In contrast to these useless inanimate objects, God says that he declares “the end from the beginning and from ancient times things not yet done.” In case we have missed the point of the first 45 chapters, this is exactly what God has been doing through Isaiah. He’s done it and will do it again through other prophets, though rarely over such an incredible range of prophetic territory.

None Like Me

The point is, I suppose, that if you’re going to believe in God at all, you’d better be on board with the concept of very specific short-, medium- and long-range prophecy, because the tendency to frequently and correctly predict the future — not least because he is personally managing it — is built right into the essential character of God. It’s who he is. It’s how he’s made his name. “There is none like me,” he says, in precisely this way: “that I declare the end from the beginning.”

And so he does. He will go on half a millennium past Cyrus to speak through Isaiah of the first century AD and events concerning the life, death and atoning work of his Son. In doing so, he is not asking his prophet to suddenly switch subjects. The Perfect Servant is coming to do the work the flawed servant (Israel) could not.

If you’re keeping track, Isaiah’s prophecies now span a period of 750 years. That’s impressive. But he’s not done yet. God, who declares “the end from the beginning”, still has to speak of the end. Except, as it turns out, he’s been doing it all along.

The End from the Beginning

Sprinkled throughout Isaiah’s prophecies concerning Assyria, Babylon, Medo-Persia and first century Israel are repeated references to things that inarguably have yet to take place. One of the most obvious is Isaiah 61, the passage the Lord Jesus opened and read at the synagogue in Nazareth, in which he simultaneously declares the “year of the Lord’s favor” (the first century onward) and the “day of vengeance of our God”, a period still to come almost two thousand years down the road.

But this is hardly Isaiah’s only prediction about the far-flung future.
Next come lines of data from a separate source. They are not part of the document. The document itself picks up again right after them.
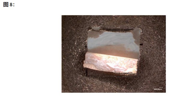 图8显示了连续 TPC 层顶部剪切掉的铜箔的光学图像。失效模式部分在陶瓷内部,这表明铜/陶瓷和膏/箔界面都不是PBC的薄弱环节。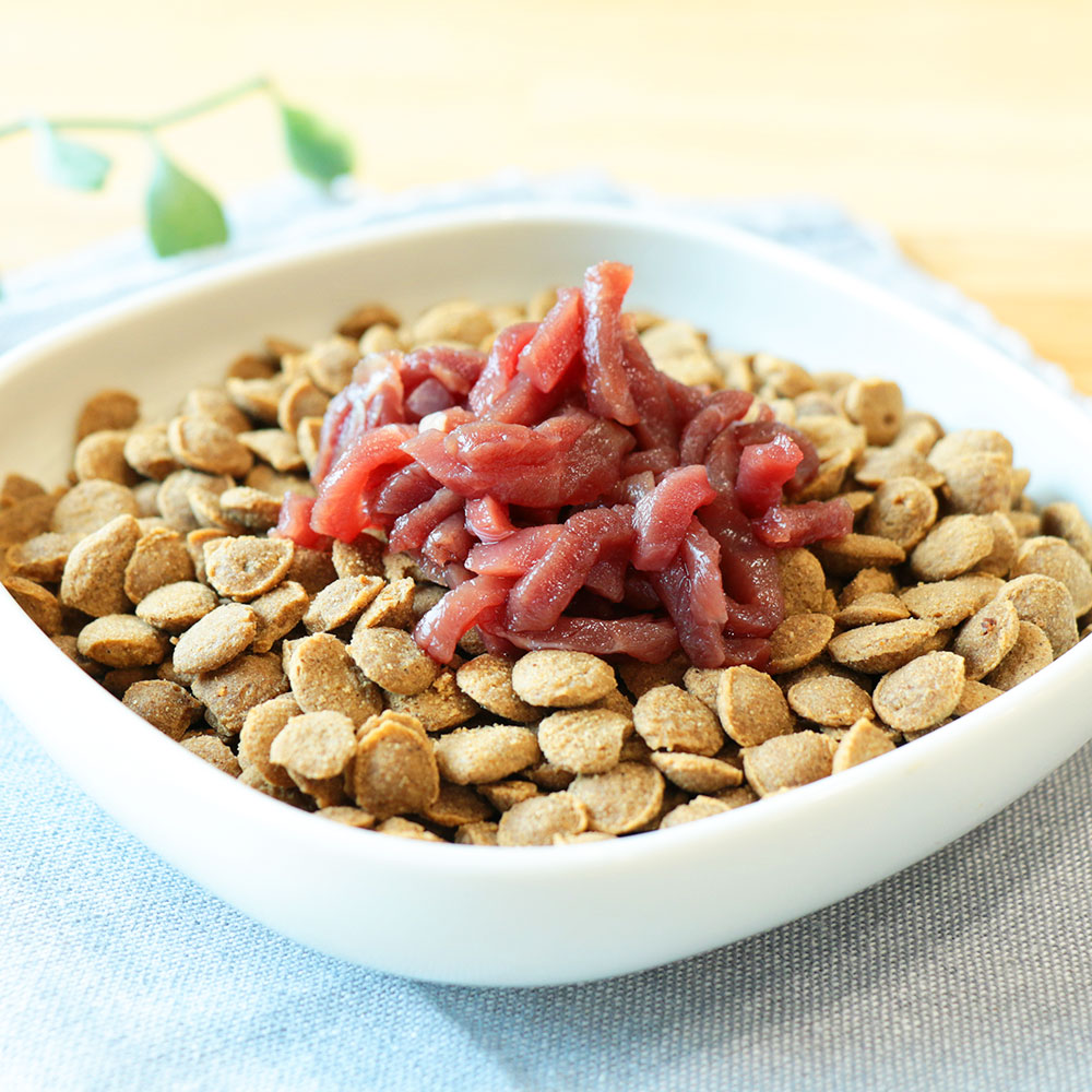 すでにカットされたお肉のため、いつものごはんに手軽に取り入れやすく、手作り食やトッピングとしてもおすすめです。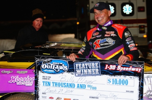 Billy Moyer smiles in victory lane after his home-state victory.

It’s through Isaiah that we find out that “Every valley shall be lifted up, and every mountain and hill be made low,” that “They shall not hurt or destroy in all my holy mountain; for the earth shall be full of the knowledge of the Lord as the waters cover the sea,” that “the desert shall rejoice and blossom like the crocus,” and that “The wolf and the lamb shall graze together” and “the lion shall eat straw like the ox.”

Into the End Zone

Here Isaiah has hurled the prophetic pigskin into the end zone, or, if you prefer, kicked a prophetic field goal well up into the bleachers of human history. Whatever you like: the point is that the prophet has scored bigly, and he has not accomplished it in the super-organized way we linear thinkers would prefer: Assyria, followed by Babylon, Medo-Persia, first century Judea and the coming of Christ, and, right at the end in chapter 65, the millennial reign — all in a nice, orderly, scholarly presentation like you’d get in history class.
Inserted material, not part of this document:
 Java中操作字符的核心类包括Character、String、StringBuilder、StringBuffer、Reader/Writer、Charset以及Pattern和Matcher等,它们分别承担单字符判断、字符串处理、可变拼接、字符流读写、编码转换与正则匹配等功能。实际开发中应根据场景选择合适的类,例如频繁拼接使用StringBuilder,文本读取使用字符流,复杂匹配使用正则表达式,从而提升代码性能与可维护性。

No, the four references above (chosen arbitrarily from dozens sprinkled throughout the book) are from chapters 40, 11, 35 and 65, respectively. They are from all over the 66 chapters of Isaiah, from each of the alleged “three different writers” the higher critics claim must have contributed to the book, and they are all saying pretty much the same thing. We might like linearity, but God decided to demonstrate unequivocally that his revelation through the prophet Isaiah is all of a piece. What we might feel we have lost in orderliness, we have gained back in a tremendous thematic consistency. It means we cannot easily chop up the book of Isaiah and play scholarly games with it — not, at least, and still retain it as a legitimate part of holy scripture.

God declares from ancient times “things not yet done”. It’s who he is, it’s what he does, and it’s a plain fact of life and of revelation. The critics can like it or hate it, but it’s there, and it’s not going away.